Chapter 15.10, Problem 41AAP

(a)

To determine

Will the visible light be transmitted or absorbed by $\text{CdSb}$ material.

Answer to Problem 41AAP

The visible light will be transmitted by $\text{CdSb}$ material.

Explanation of Solution

Write the equation to calculate the wavelength of the radiation $\left(\lambda \right)$.

 $\lambda =\frac{hc}{E_g}$                                                                                                                   (I)

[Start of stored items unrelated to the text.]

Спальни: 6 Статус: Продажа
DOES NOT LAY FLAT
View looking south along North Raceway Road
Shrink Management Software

Here, energy band gap of the material is $E_g$, Planck's constant is $h$ and speed of light is c.

Conclusion:

When the critical wavelength of a material is greater than the light wavelength of $500\text{nm}$, then the material will absorb the light wave. Similarly, when the critical wavelength of the material is smaller than the light wavelength of $500\text{nm}$, then the material will transmit the light wave.

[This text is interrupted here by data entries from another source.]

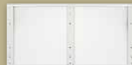
Insulated Laminate Back (L) - inside view

* L indicates energy efficient insulated laminate back option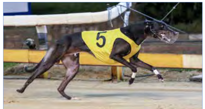
Zippping Zeus winning Heat 1 for Tony Rasmussen.

The $8,640 Final is always a highlight of the racing calendar.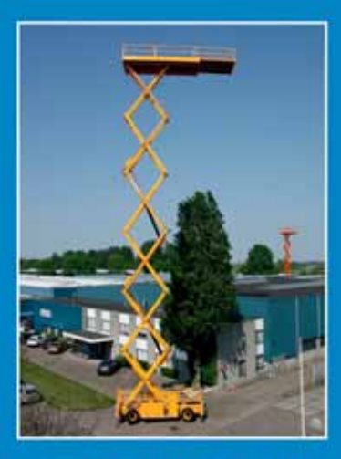
34 metre G-320DL30 4WDS/N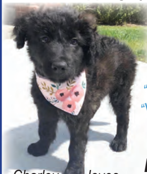
Charley loves our fur baby line!

What people are saying— "Wonderful staff. Great cookies. Unique merchandise" "Wonderful place to shop, Great staff and great prices!"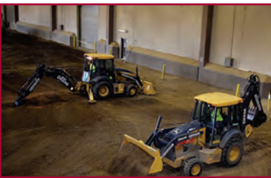
Apprentices operate backhoe equipment at the Training Center.

With the April 30th webinar in the books, which featured the Operating Engineers Local 150's Training Center in Wilmington, CISCO and its partner - The Chicago Transit Authority - have now completed seven virtual tours of building trades'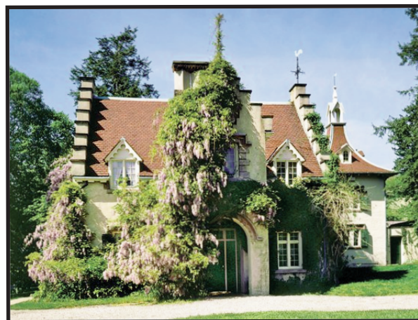
Sunnyside on the Hudson

Then we will tour the Boyertown Museum of Historic Vehicles. Pennsylvania's transportation history will come alive with dozens of displays that include horse-drawn carriages, bikes, cars and trucks, along with roadside architecture such as a 1938 diner and a 1921 Sunoco gas station. Please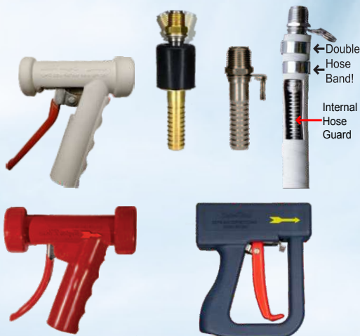
← Double Hose Band! Internal Hose Guard

The industry's safest, most environmentally exceptional mixing stations. Rated #1 in leading independent testing. Dangerous steam does not leak into or burst hoses, potentially injuring employees.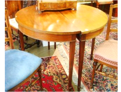
Lot # 92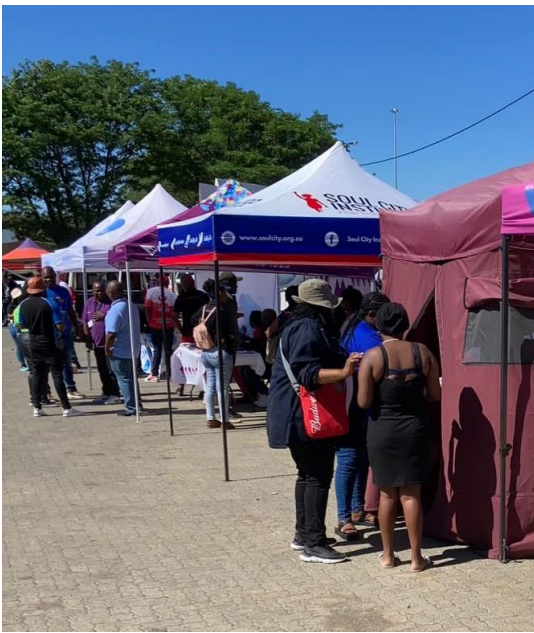
RFHA Day launch in Bloemfontein.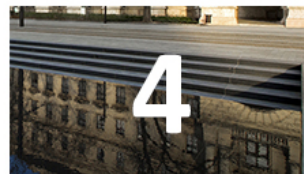
Link 4 1920x1080

Each quadrant comprises exactly 1/4 of the UHD Image (so a 1920x1080 HD image)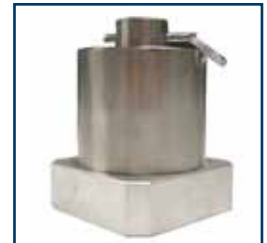
Torque Limiting Valve Adapter (Only for Chlorine Valve)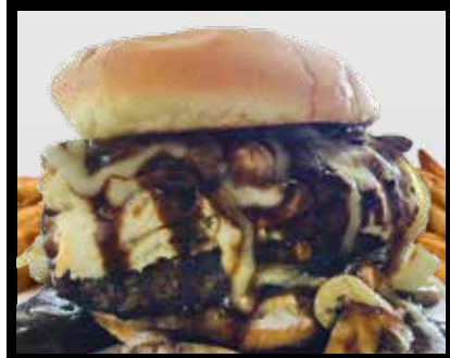
Mashed Potato Burger

Our burger, bacon, grilled onions, mushrooms, mozzarella cheese & dock sauce 7.78 Make Double 3.00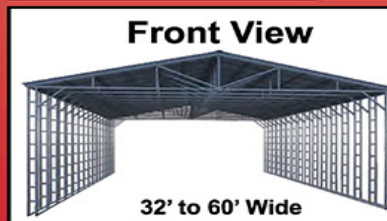
32' to 60' Wide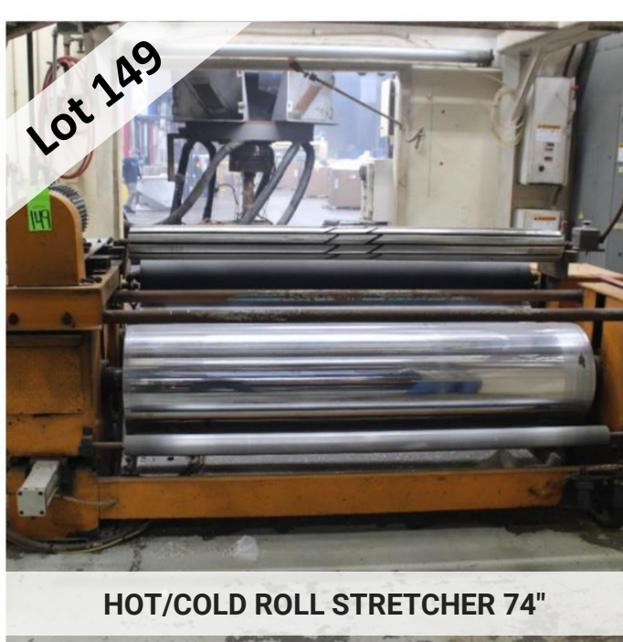
HOT/COLD ROLL STRETCHER 74"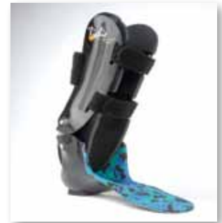
Custom molded orthotic foot plate

The values of Planck constant and speed of light are $6.63\times {10}^{-34}\text{J}\cdot \text{s}$ and $3\times {10}^8\text{m}/\text{s}$ respectively.

Refer Table 14.6, "Electrical properties of intrinsic semiconducting compounds at room temperature", select the energy band gap of the $\text{CdSb}$ material.

  $E_g=2.59\text{eV}$

Substitute $2.59\text{eV}$ for $E_g$, $6.63\times {10}^{-34}\text{J}\cdot \text{s}$ for $h$ and $3\times {10}^8\text{m}/\text{s}$ for c in Equation (I).

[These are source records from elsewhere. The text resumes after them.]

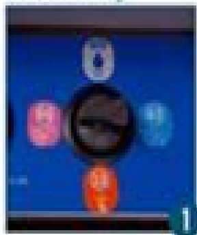
1 Select cleaning product.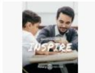
People of Action Print Ad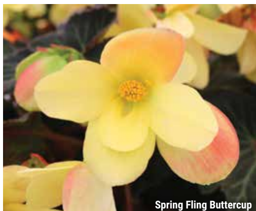
Spring Fling Buttercup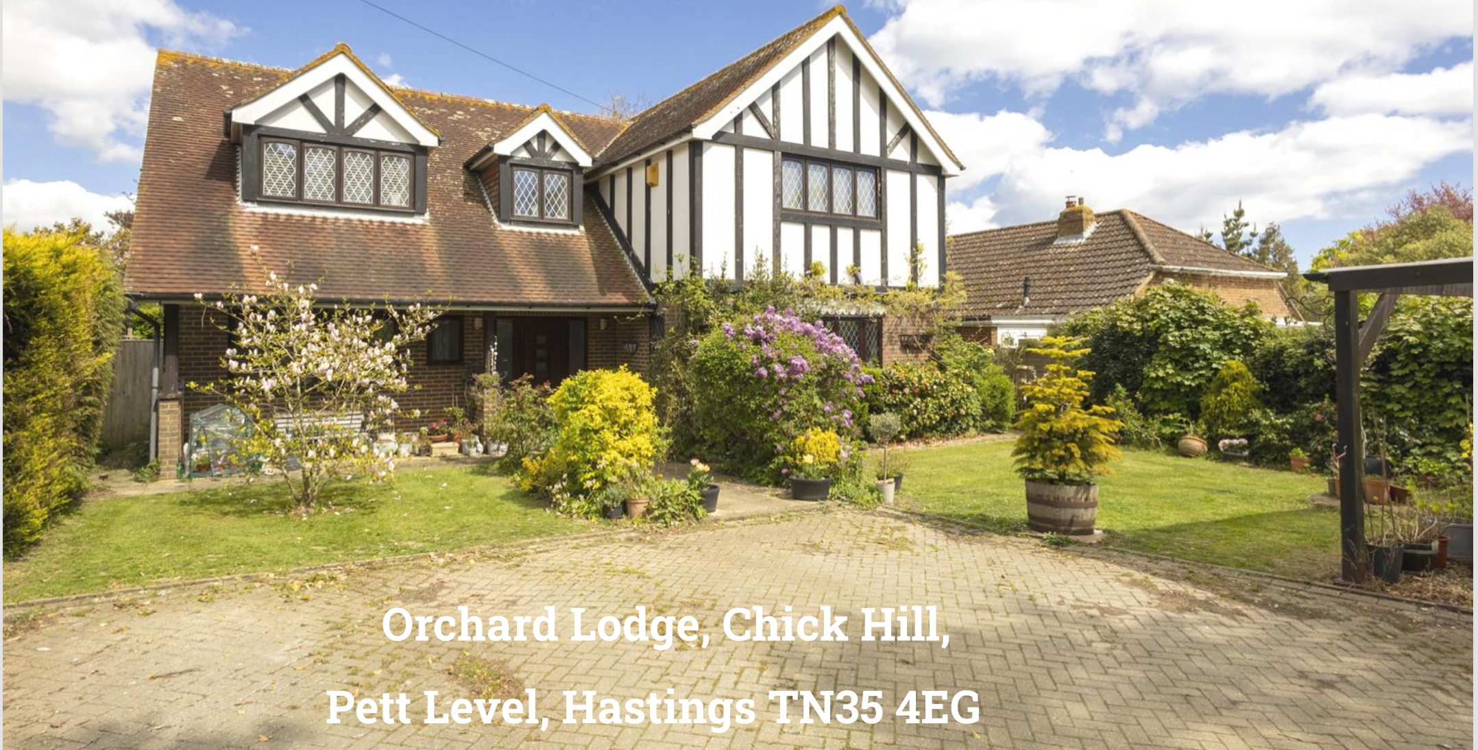
Orchard Lodge, Chick Hill, Pett Level, Hastings TN35 4EG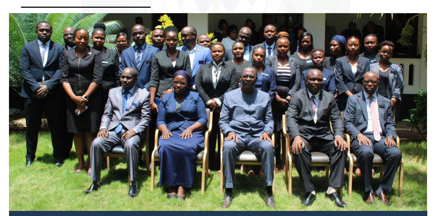
Minister of Constitutional and Legal Affairs Hon. George B. Simbachawene (middle) in a group photo with some of the staff members of the Office of the Solicitor General.

Finally, the report sets out some recommendations aiming, inter alia, to enhance the functioning of the OSG in pursuit of its vision, mission and objectives.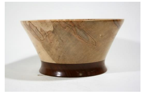
Greg Ford - Maple & Mahogany Bowl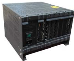
64-128 Zone System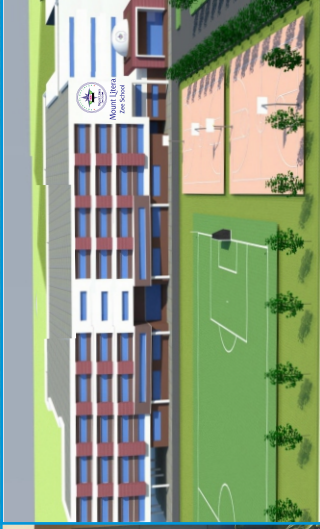
Mount Litera Zee School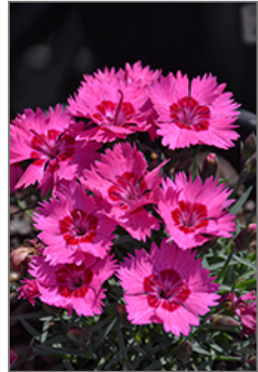
Paint The Town Fancy Pinks flowers

Paint The Town Fancy Pinks is a fine choice for the garden, but it is also a good selection for planting in outdoor pots and containers. It is often used as a 'filler' in the 'spiller-thriller-filler' container combination, providing a mass of flowers and foliage against which the thriller plants stand out. Note that when growing plants in outdoor containers and baskets, they may require more frequent waterings than they would in the yard or garden. Be aware that in our climate, most plants cannot be expected to survive the winter if left in containers outdoors, and this plant is no exception. Contact our experts for more information on how to protect it over the winter months.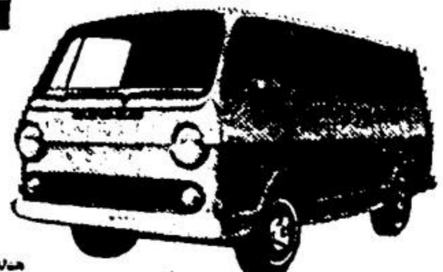
GMC 1500 V8

with NEW Toro-Flow Diesel Engines! NEW V8 Gasoline Engines! NEW 82" Cab! NEW models!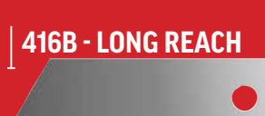
416B - LONG REACH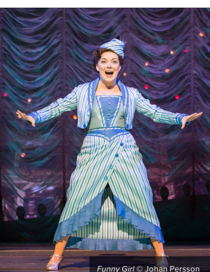
Funny Girl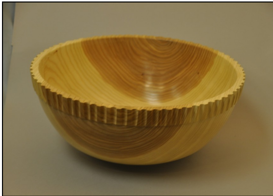
Gene Vincent Ash Satin Wipe-on Poly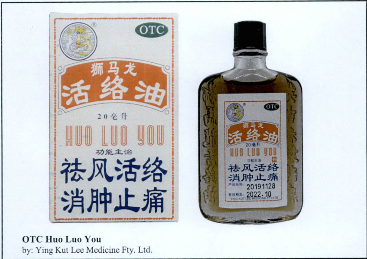
OTC Huo Luo You by: Ying Kut Lee Medicine Fty. Ltd.

 $\begin{array}{c}\lambda =\frac{\left(6.63\times {10}^{-34}\text{J}\cdot \text{s}\right)\left(3\times {10}^8\text{m}/\text{s}\right)}{2.59\text{eV}}\\ =\frac{\left(6.63\times {10}^{-34}\text{J}\cdot \text{s}\right)\left(3\times {10}^8\text{m}/\text{s}\right)}{\left(2.59\text{eV}\times \frac{1.602\times {10}^{-19}\text{J}}{1\text{eV}}\right)}\\ =4.792\times {10}^{-7}\text{m}\\ =479.2\text{nm}\le 500\text{nm}\end{array}$

Thus, the visible light will be transmitted by $\text{CdSb}$ material.

(b)

To determine

Will the visible light be transmitted or absorbed by $\text{ZnSe}$ material.

Answer to Problem 41AAP

The visible light will be transmitted by $\text{ZnSe}$ material.

Explanation of Solution

Conclusion:

Refer Table 14.6, "Electrical properties of intrinsic semiconducting compounds at room temperature", select the energy band gap of the $\text{ZnSe}$ material.

  $E_g=2.67\text{eV}$

Substitute $2.67\text{eV}$ for $E_g$, $6.63\times {10}^{-34}\text{J}\cdot \text{s}$ for $h$ and $3\times {10}^8\text{m}/\text{s}$ for c in Equation (I).

 $\begin{array}{c}\lambda =\frac{\left(6.63\times {10}^{-34}\text{J}\cdot \text{s}\right)\left(3\times {10}^8\text{m}/\text{s}\right)}{2.67\text{eV}}\\ =\frac{\left(6.63\times {10}^{-34}\text{J}\cdot \text{s}\right)\left(3\times {10}^8\text{m}/\text{s}\right)}{\left(2.67\text{eV}\times \frac{1.602\times {10}^{-19}\text{J}}{1\text{eV}}\right)}\\ =4.649\times {10}^{-6}\text{m}\\ =464.9\text{nm}\le 500\text{nm}\end{array}$

Thus, the visible light will be transmitted by $\text{ZnSe}$ material.

(c)

To determine

Will the visible light be transmitted or absorbed by diamond material.

Answer to Problem 41AAP

The visible light will be transmitted by diamond material.

Explanation of Solution

Conclusion:

Substitute $5.40\text{eV}$ for $E_g$, $6.63\times {10}^{-34}\text{J}\cdot \text{s}$ for $h$ and $3\times {10}^8\text{m}/\text{s}$ for c in Equation (I).

 $\begin{array}{c}\lambda =\frac{\left(6.63\times {10}^{-34}\text{J}\cdot \text{s}\right)\left(3\times {10}^8\text{m}/\text{s}\right)}{5.40\text{eV}}\\ =\frac{\left(6.63\times {10}^{-34}\text{J}\cdot \text{s}\right)\left(3\times {10}^8\text{m}/\text{s}\right)}{\left(5.40\text{eV}\times \frac{1.602\times {10}^{-19}\text{J}}{1\text{eV}}\right)}\\ =2.299\times {10}^{-7}\text{m}\\ =229.9\text{nm}\le 500\text{nm}\end{array}$

Thus, the visible light will be transmitted by diamond material.